こうした心の病というものは、誰にでも起こり得るものだ。そして、それは治ることもあるということを、彼女から教わった。もちろん、休職者を企業が排除することは容易である。しかし、原因は何かと詮索しても、早く治せるものでもない。復帰を待つには、我慢と理解が必要だ。

 私も下小岩支店で預金担当課課長として勤務していた時、同僚と支店長の共謀で私の印鑑を隠されたことがある。トップの営業成績を上げていた他部署の同僚が、自分のミスを私の部下のせいにしたので、通常の業務として支店長に報告した。ところが、成績至上主義の支店長は同僚を庇護し、私を追放するという判断を下した。行員の命でもある私の印鑑を「窃盗」したのである。

 窃盗はもちろん違法行為だ。このあまりにもつらく苦しい出来事は、拙著『メガバンク銀行員ぐだぐだ日記』に記してある。ネットでの反響は大きく、多くの書き込みを目にした。

 つらかった。すぐにでも辞めてしまえばいいと思ったが、なんとか退職せずに済んだ。下小岩支店に行きたくない。何度も引き返そうと思い、それでも店に向かった原動力は何だったのか。家族を養わなければならないという責任感?逃げられるものなら逃げてしまいたい衝動と、このまま苦しみを受け入れてしまう無力さとの葛藤にもがいていた。

書影『メガバンク銀行員ぐだぐだ日記』(三五館シンシャ)『メガバンク銀行員ぐだぐだ日記』(三五館シンシャ)
目黒冬弥 著

 その苦しみは、パワハラ支店長の異動により救われた。「やまない雨はない」という言葉が本当だったことを、今でも覚えている。だが、今メンタルで苦しんでいる人にその言葉はふさわしくはないだろう。何の慰めにもならないからだ。

 職場の仲間は他人にすぎない。上司は精神科医ではない。休職者を「いない人」として扱っていれば、前述の彼女も復帰できなかっただろう。

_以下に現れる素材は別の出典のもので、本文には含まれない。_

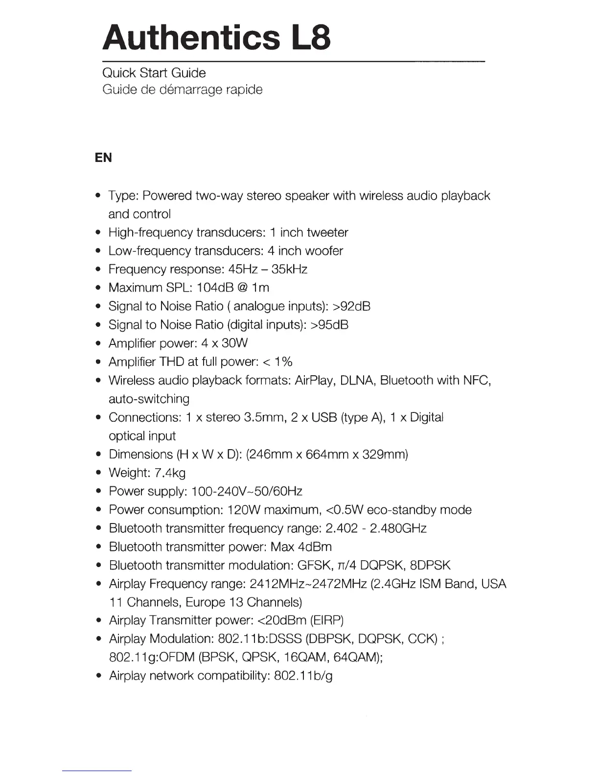 • Wireless audio playback formats: AirPlay, DLNA, Bluetooth with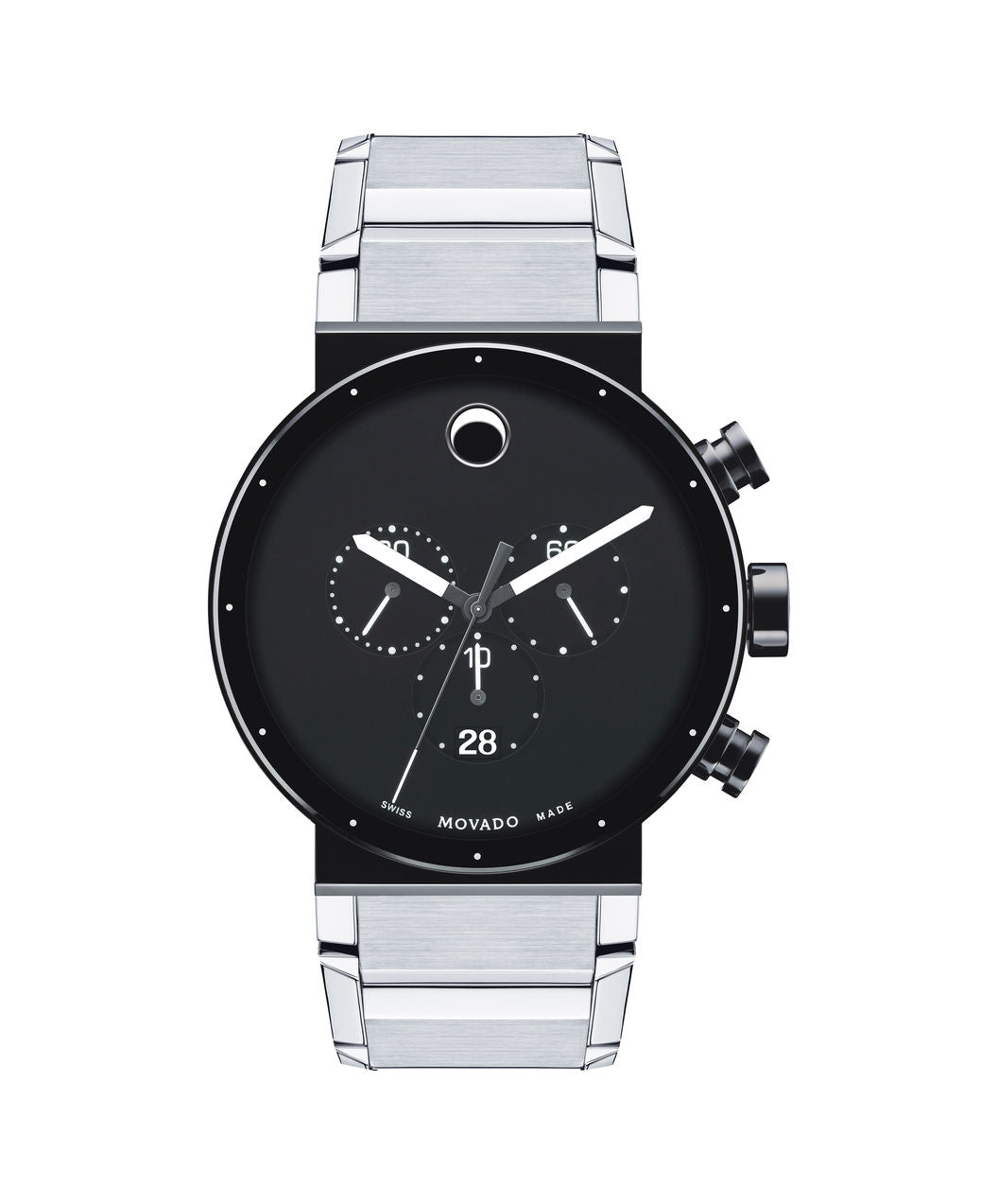 Men's Sapphire Synergy chronograph, 42 mm black PVD-finished and stainless steel bezel-free case with flat edge-to-edge sapphire crystal and white dot hour index, round black dial with 3 matching timing subdials, shiny black signature dot, and white hands and dot indices, stainless steel link bracelet with push-button deployment clasp.
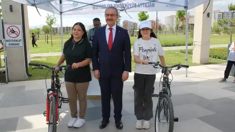 İlkokul ve ortakul kategorilerinde birinci olan öğrencilere Seddar Yavuz tarafından bisiklet hediye edildi.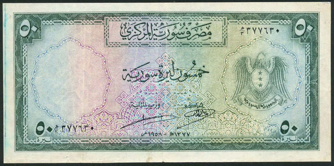 (x) Central Bank of Syria, 50 livres, 1958, serial number 377630 green on multicolour underprint, arms at right, ornate detail in background at centre, reverse, inner yard of Azem Palace in Damascus, elaborate panel at left and right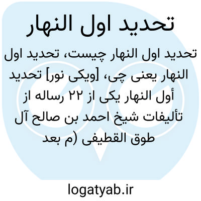 [ویکی نور] تحدید أول النهار یکی از 22 رساله از تألیفات شیخ احمد بن صالح آل طوق القطیفى (م بعد 1245 ق) است که در مجموعه ای با نام رسائل آل طوق القطیفی به چاپ رسیده است.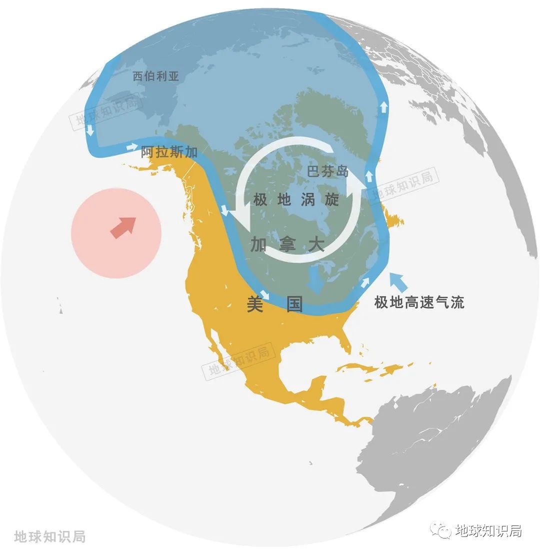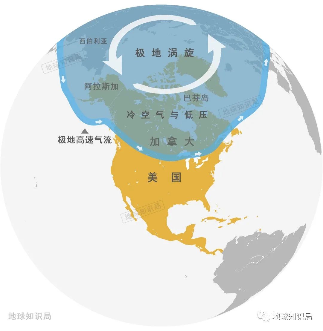 此外,极地涡旋是影响气候的重要因素,它是大气高层的紧密旋转气流。漩涡可以将极地温度极低且密度较大的空气,一直通向上空的平流层,就像无形的弹力绳“束缚”着冷空气,把冷空气限制在北极地区。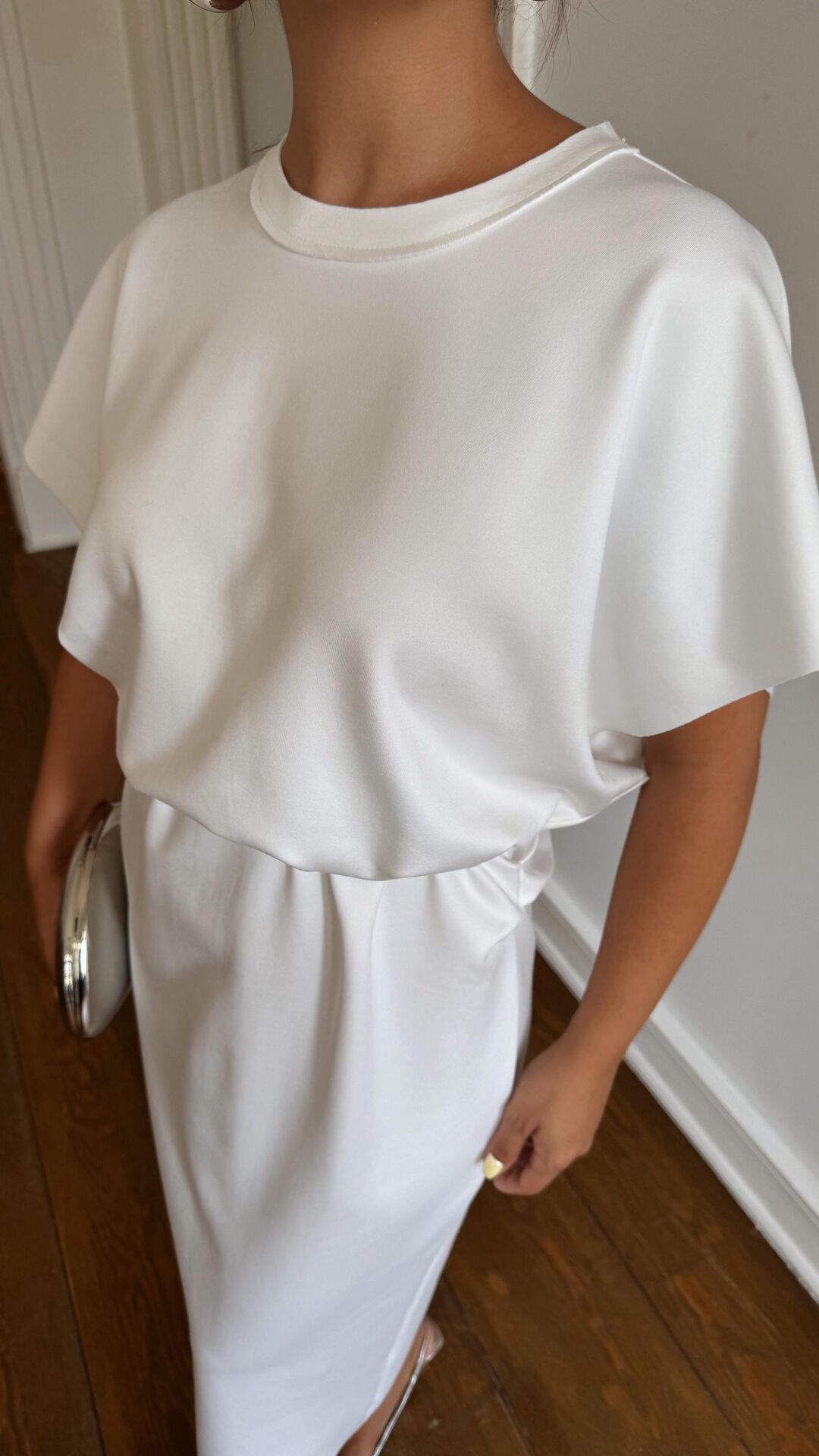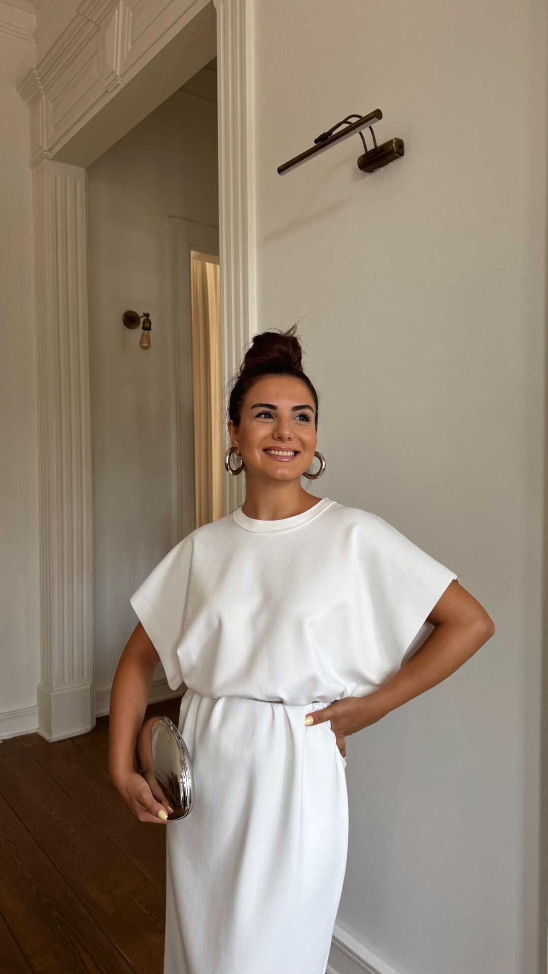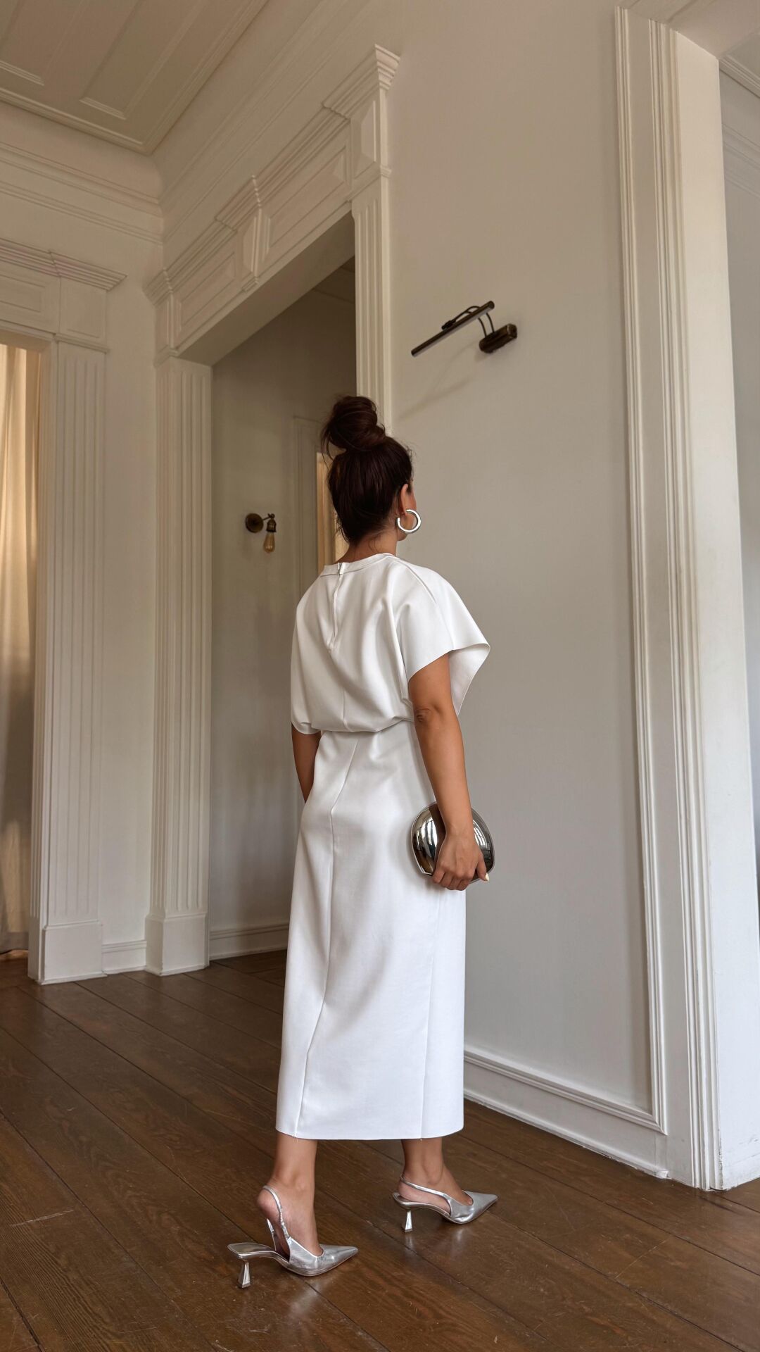 Bel Drapeli Beyaz Elbise

 自分は必要とされていない、役に立ってないと感じてしまわないよう、部下の皆が私の知らないところで適切な行動を取ってくれていたのだろう。

 そんな部下たちは、今日も思い思いに気だるそうに出社してくる。一日の始まりを、この世の終わりみたいな顔をして。しかし、仲間を思いやる気持ちを知り、私はすっかり彼女たちを見直した。朝の覇気のなさをとやかく考えるのはやめて、少しは大目に見よう。